Transcribe word for word the section of the records below that opens with the line containing "Помолвочное кольцо SOKOLOV" and closes with the line containing "Covered in green"; drop every picture.

- RECORDS FOR THIS TASK -
************

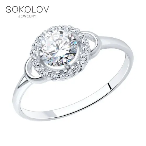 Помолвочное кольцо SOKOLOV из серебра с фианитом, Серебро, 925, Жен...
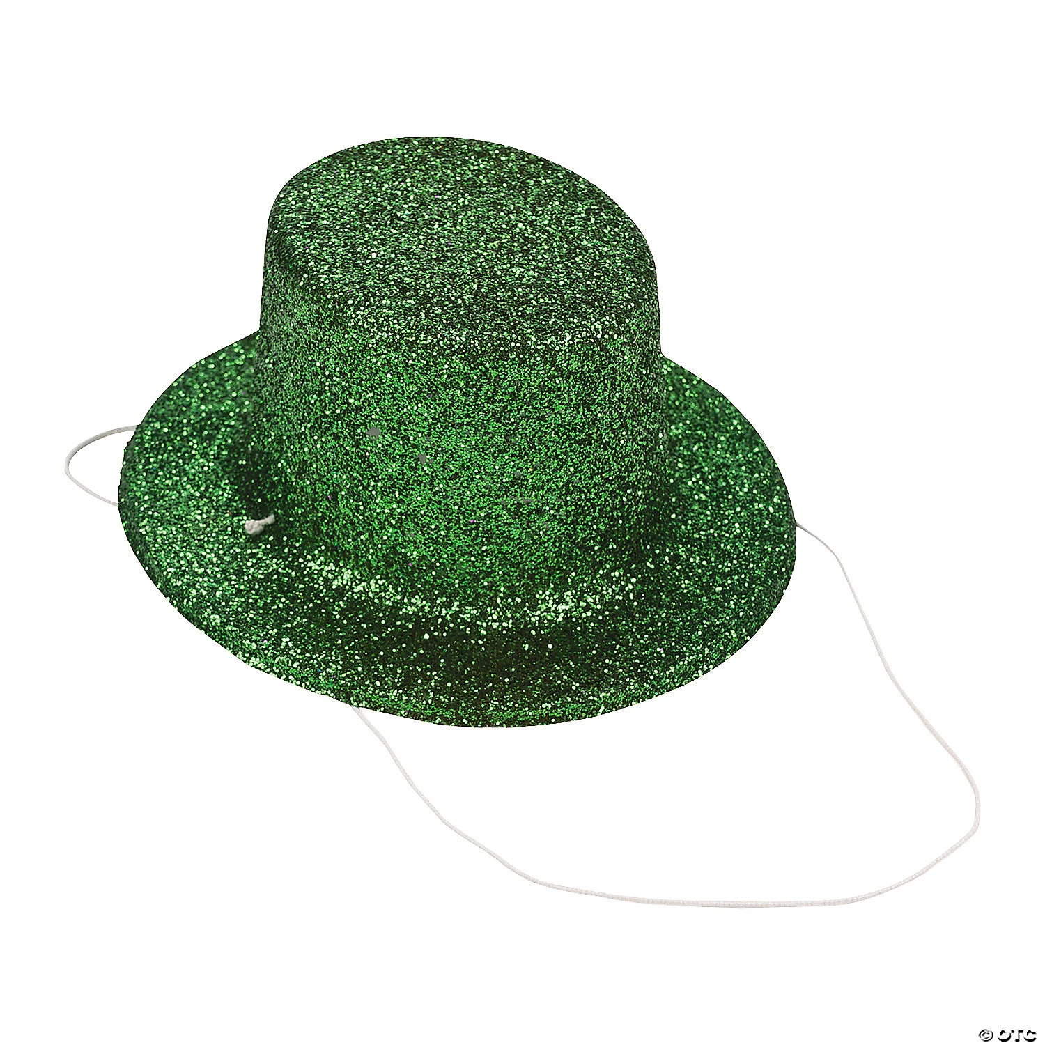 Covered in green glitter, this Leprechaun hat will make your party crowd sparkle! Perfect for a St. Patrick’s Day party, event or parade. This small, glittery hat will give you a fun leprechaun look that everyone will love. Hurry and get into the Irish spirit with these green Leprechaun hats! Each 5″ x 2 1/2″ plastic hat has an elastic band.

************

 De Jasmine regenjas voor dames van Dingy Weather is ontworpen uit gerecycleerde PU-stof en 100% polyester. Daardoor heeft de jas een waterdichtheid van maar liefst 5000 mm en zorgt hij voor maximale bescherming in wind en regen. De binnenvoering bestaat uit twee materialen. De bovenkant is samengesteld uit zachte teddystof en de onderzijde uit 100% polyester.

************

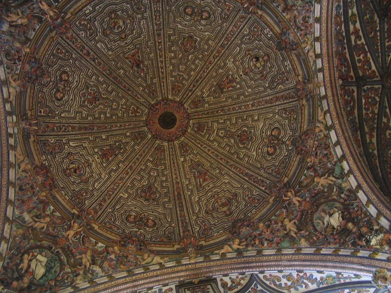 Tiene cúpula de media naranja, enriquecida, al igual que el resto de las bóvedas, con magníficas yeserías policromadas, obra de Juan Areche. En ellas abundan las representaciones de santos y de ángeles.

************

- REPLY TO THE EXERCISE -
 Помолвочное кольцо SOKOLOV из серебра с фианитом, Серебро, 925, Жен...
 Covered in green glitter, this Leprechaun hat will make your party crowd sparkle! Perfect for a St. Patrick’s Day party, event or parade. This small, glittery hat will give you a fun leprechaun look that everyone will love. Hurry and get into the Irish spirit with these green Leprechaun hats! Each 5″ x 2 1/2″ plastic hat has an elastic band.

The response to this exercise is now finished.